=== Begin Enclosure ===

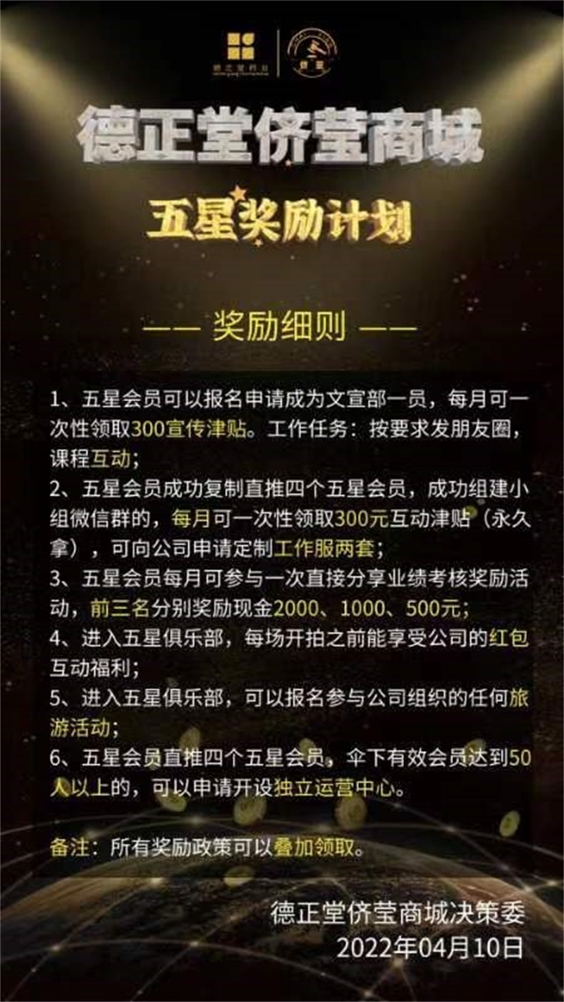 2022年4月10日,為了進(jìn)一步刺激市場(chǎng),“德正堂儕瑩商城決策委”還發(fā)布了《德正堂儕瑩商城五星獎(jiǎng)勵(lì)計(jì)劃》:
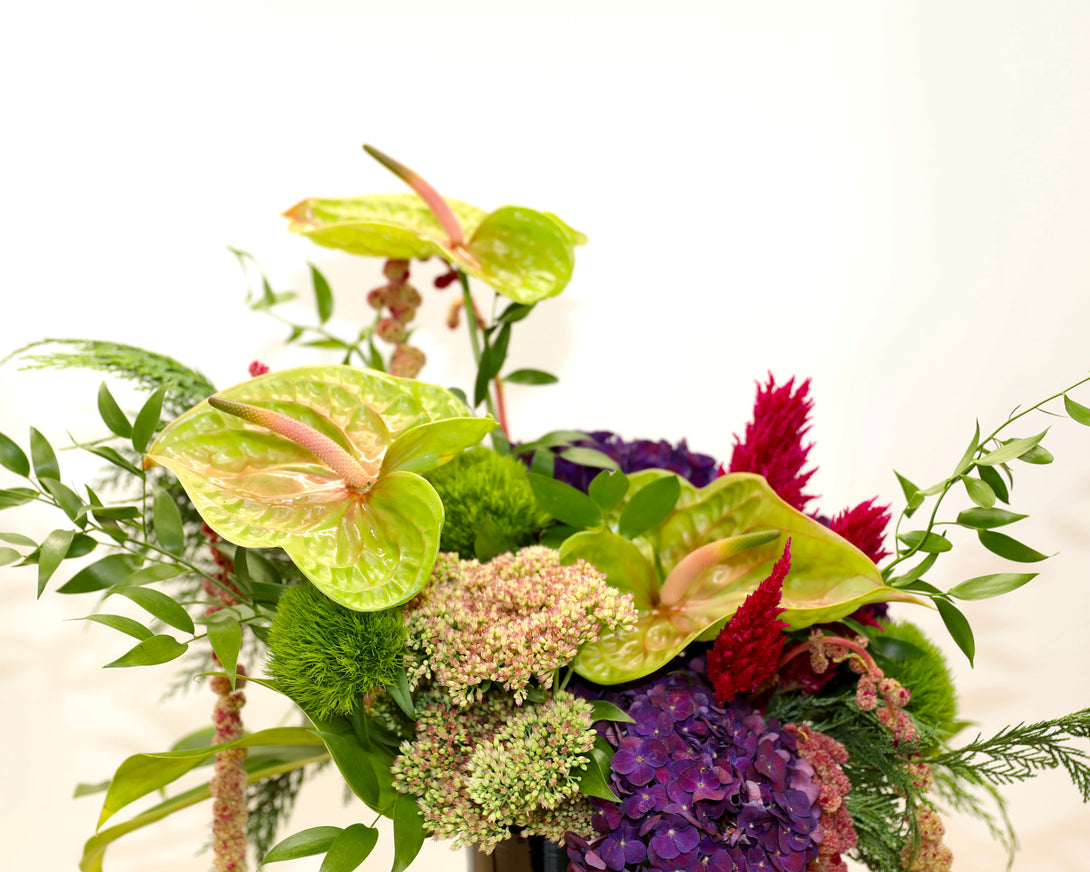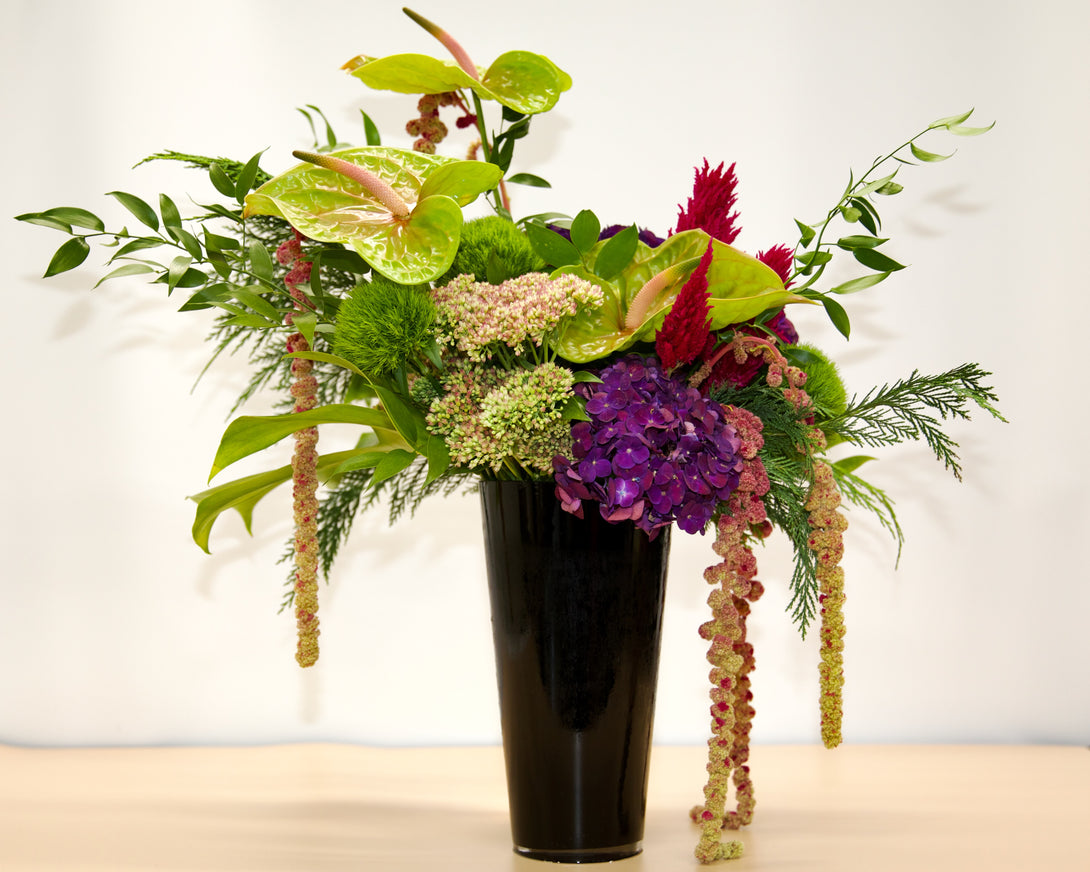 Bring a touch of modern sophistication to any space with our Modern Oasis Luxury Arrangement. Designed in a sleek black vase, this striking display features vibrant anthuriums, hydrangeas,c ascading amaranthus, and fresh seasonal foliage. The bold textures and contrasting colors create a statement piece that is both tropical and elegant, perfect for corporate settings, upscale events, or adding refined beauty to your home.
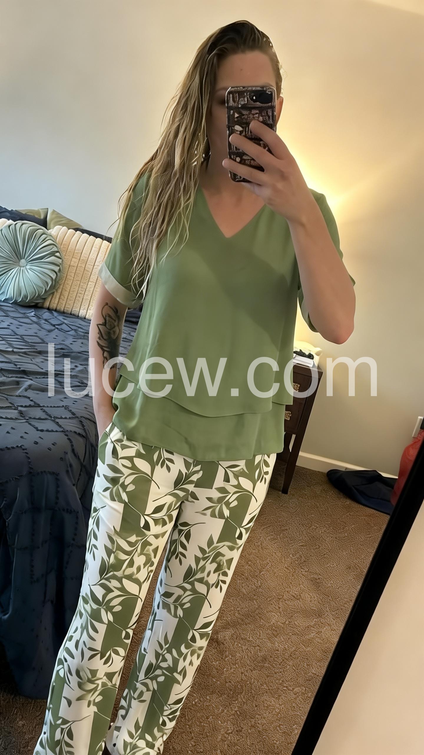 This coordinated set features a solid green V-neck top with a layered hem and rolled sleeves. Paired with white pants in a leafy green pattern for a natural, airy look. Lightweight fabric perfect for casual wear. Ideal for everyday comfort or light outings. Effortlessly stylish and easy to wear.
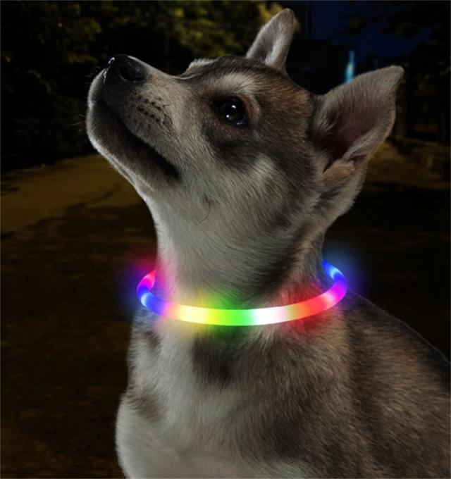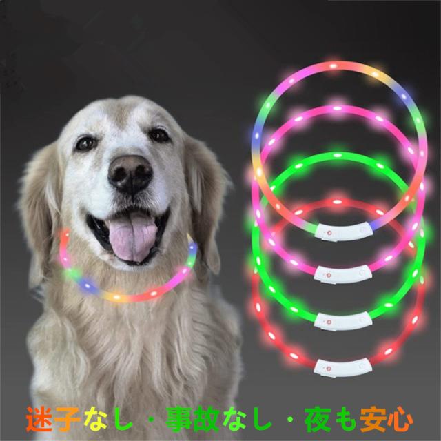 犬首輪 発光首輪 レインボー usb充電式 装着簡単 サイズ調整可能 ペット 犬 猫 視認性
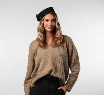 In unserem Atelier in Lyon kreiert und gefertigt, zeugt dieses Modell von außergewöhnlichem handwerklichem Können. Jedes Detail, vom Volumen der Schleife bis zum perfekten Halt des Filzes, wird sorgfältig geprüft. Leicht geneigt getragen, verfeinert es die Haltung des Kopfes und unterstreicht die Persönlichkeit. Ein kühner zeitloser Klassiker, ebenso elegant wie unvergesslich.
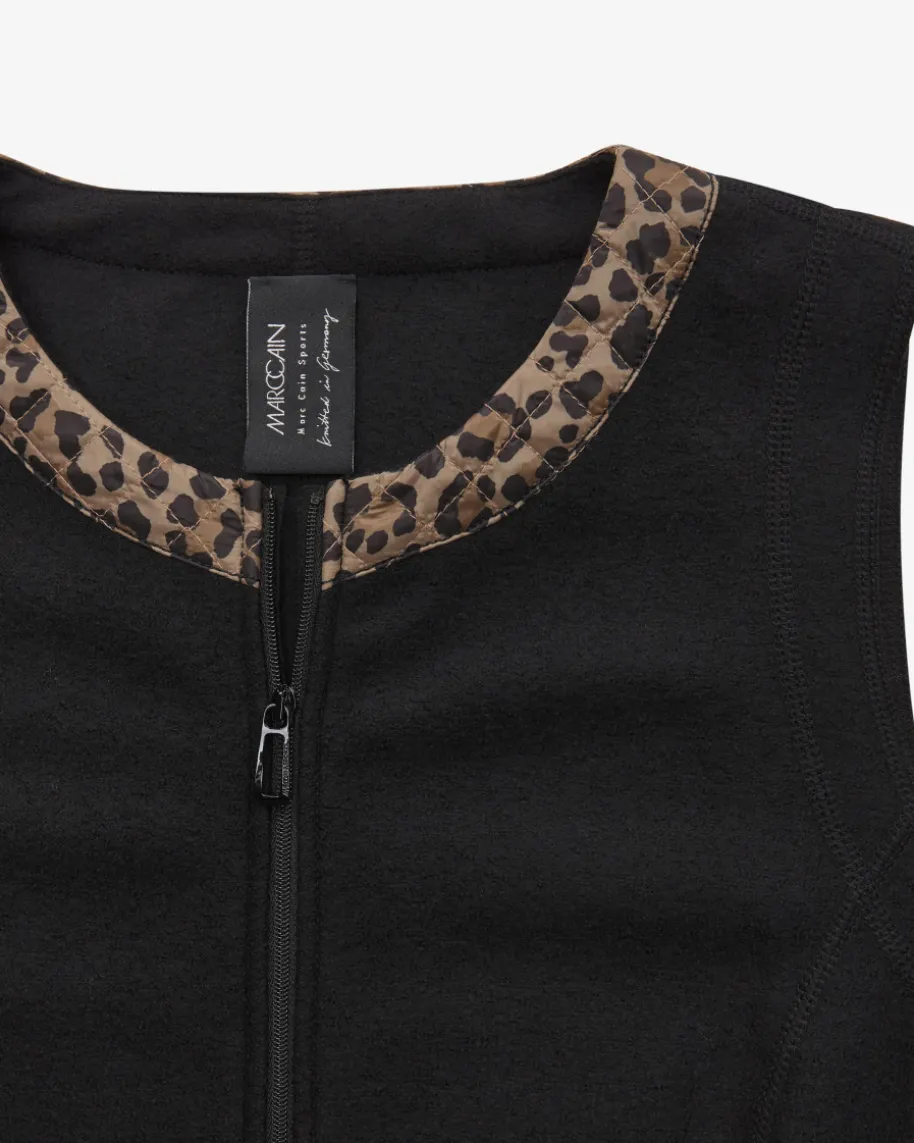 Wollkleid für Damen von Marc Cain in Schwarz und Braun. Zeitgemäße Styles mitsportivem Touch – Das Minikleid überzeugt dank der reinen Schurwoll-Verarbeitungmit weicher Haptik und eleganter Optik, welche durch die gesteppten Details mitLeopardenmuster modern unterstrichen wird.
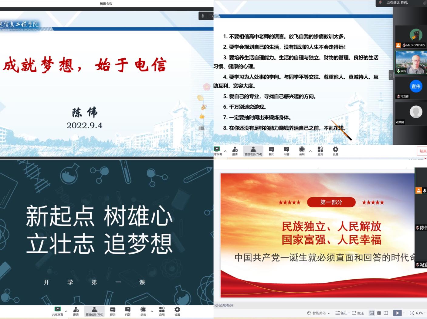 2022年9月4日,电信学院通过腾讯会议举办2022级“大学第一课”新生入学教育暨新生入党启蒙第一课活动。学院邀请学院党委书记王玲、学院院长陈伟、学院党委副书记刘洪国、学院副院长冯宜伟担任主讲嘉宾,800余名2022级研究生、本科生及学生家长参加了本次活动。

=== End Enclosure ===

● PROBLEM TO SOLVE: What are the lines from the one containing "This coordinated set features a" through the end of the records? Write them out exactly, leaving out the pictures.

● SOLUTION TO THIS PROBLEM:
 This coordinated set features a solid green V-neck top with a layered hem and rolled sleeves. Paired with white pants in a leafy green pattern for a natural, airy look. Lightweight fabric perfect for casual wear. Ideal for everyday comfort or light outings. Effortlessly stylish and easy to wear.
 犬首輪 発光首輪 レインボー usb充電式 装着簡単 サイズ調整可能 ペット 犬 猫 視認性
 In unserem Atelier in Lyon kreiert und gefertigt, zeugt dieses Modell von außergewöhnlichem handwerklichem Können. Jedes Detail, vom Volumen der Schleife bis zum perfekten Halt des Filzes, wird sorgfältig geprüft. Leicht geneigt getragen, verfeinert es die Haltung des Kopfes und unterstreicht die Persönlichkeit. Ein kühner zeitloser Klassiker, ebenso elegant wie unvergesslich.
 Wollkleid für Damen von Marc Cain in Schwarz und Braun. Zeitgemäße Styles mitsportivem Touch – Das Minikleid überzeugt dank der reinen Schurwoll-Verarbeitungmit weicher Haptik und eleganter Optik, welche durch die gesteppten Details mitLeopardenmuster modern unterstrichen wird.
 2022年9月4日,电信学院通过腾讯会议举办2022级“大学第一课”新生入学教育暨新生入党启蒙第一课活动。学院邀请学院党委书记王玲、学院院长陈伟、学院党委副书记刘洪国、学院副院长冯宜伟担任主讲嘉宾,800余名2022级研究生、本科生及学生家长参加了本次活动。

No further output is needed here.